Of course, every application must be decided on its own facts and the discretion must be exercised in relation to those facts. This was recognised by Hedigan J in Hickey v. Women & Children's Health Care Network (Supreme Court of Victoria, 11 June 1998, unreported) who nevertheless said in that case:
"Whilst each case must turn on its own facts, it must be rare indeed that the Court would exercise its discretion to extend the time within which an action might be commenced nigh on quarter of a century after the relevant events."
In this case, the plaintiff submitted that the facts were known. There was a nerve lesion, however caused; it was not detected at once; it was not treated at once. The issues would be determined by expert evidence relating to a number of issues, principally: what was the appropriate standard of care in relation to those facts? What was the effect of delay in treatment? And what was the state of medical knowledge as to that at the time?
The defendants submitted that there would be significant prejudice to them if the limitation period were extended. Heavy reliance was placed upon the fact that Dr Symonds was dead, and to a lesser extent on the fact that Dr Wakefield was dead.

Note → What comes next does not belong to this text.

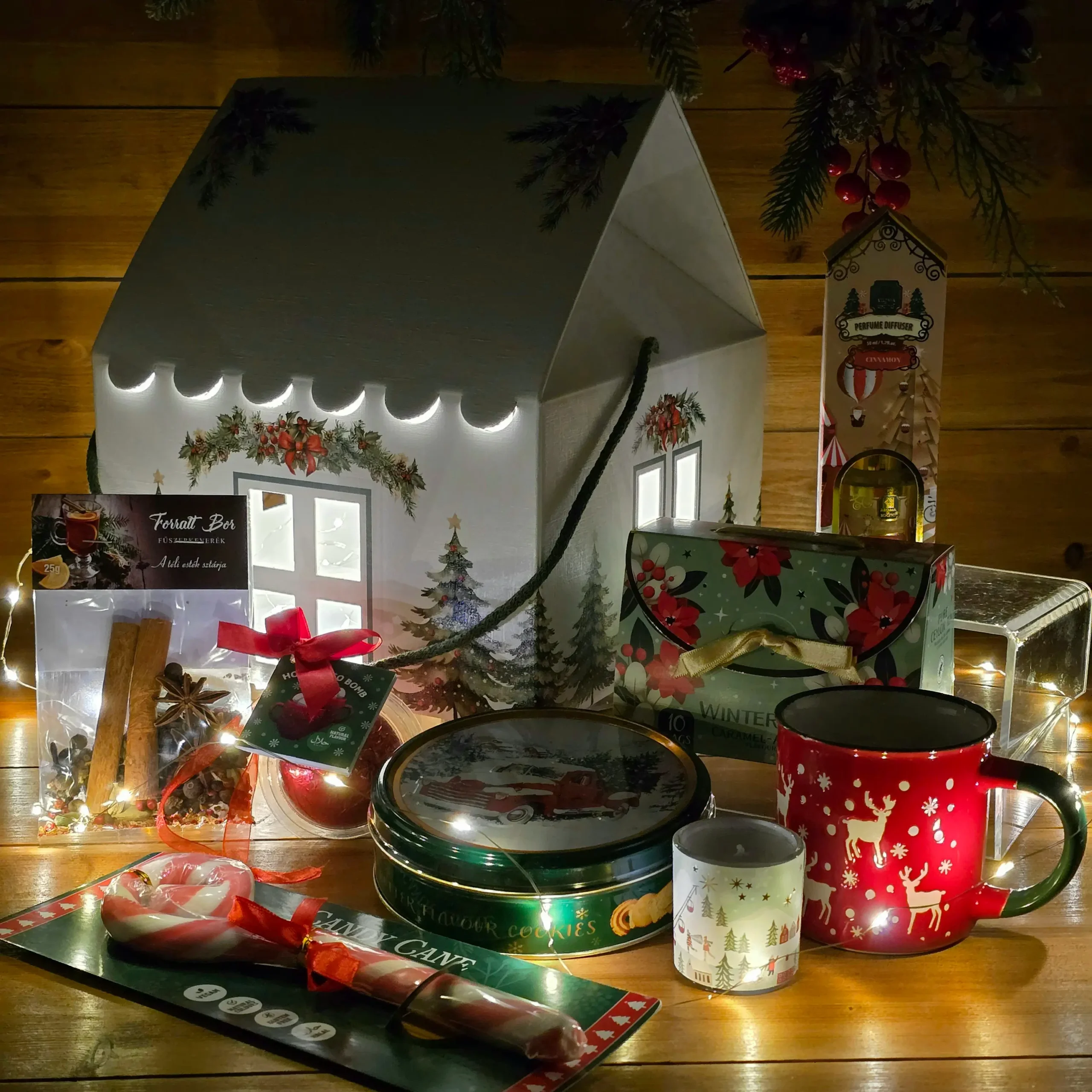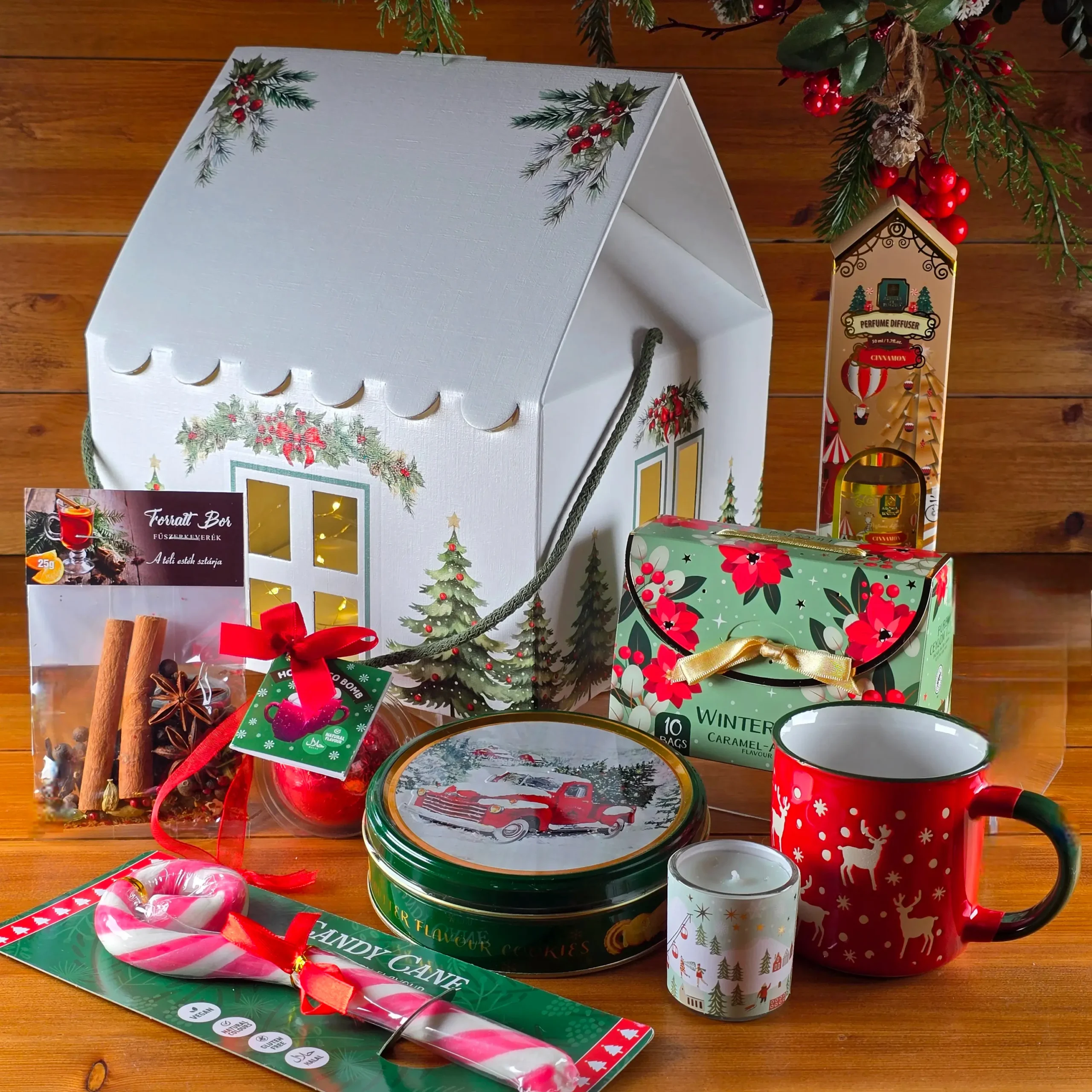 Karácsonyi házikó ajándékdoboz – bögre, gyertya, forraltbor fűszerkeverék, forrócsoki, tea, keksz, candy cane és aromadiffúzor egy csomagban.

It was submitted that the fact that these doctors had died long before the limitation period had expired was irrelevant because it was not appropriate to take into account that there would have been such prejudice in any event had a proceeding been commenced within time. I think that the defendants are correct in this regard and it is supported by what was said in Brisbane South Regional Health Authority by Toohey and Gummow JJ at 548-9 and by McHugh J at 554-555.
In my view, the determination of the question of whether Dr Symonds was negligent on the basis primarily of expert evidence and the medical records and inferences therefrom, in circumstances where his death has precluded the defence from calling any evidence as to what occurred whilst the plaintiff was an inpatient, what occurred in his post-surgical treatment, what that doctor knew and observed or did not know or observe at the relevant times, and what clinical judgments that doctor made or did not make at relevant times presents a serious risk of real prejudice to each of the defendants and a serious risk that a fair trial may not be had. It is a hazardous and artificial exercise to determine negligence in the vacuum created by the absence of such evidence in this case.
The lapse of time and the death of Dr Symonds has created other problems. There is a real issue as to whether the plaintiff was a private patient and whether the hospital has any liability at all for the acts, or omissions of Dr Symonds. The hospital faces the risk of serious prejudice in attempting to deal with that issue after so long. A number of additional matters of substance are set out in an affidavit of John Hodge. In particular I refer to paragraph 3 (d), (f) and (h) of his affidavit. Finally, there is a general risk of prejudice after such a long time. 'What has been forgotten can rarely be shown" (see per McHugh J at page 551 in Brisbane South Regional Health Authority).
In my opinion, it is not just and reasonable in the circumstances to which I have referred that the application be granted. In my opinion, there is at the least a real risk that significant prejudice would be suffered by each of the defendants and that a fair trial would not be had if the application were granted. I am certainly not satisfied that either of the defendants would not suffer significant prejudice if the application were granted, and this action proceeded with.
For those reasons the application is dismissed.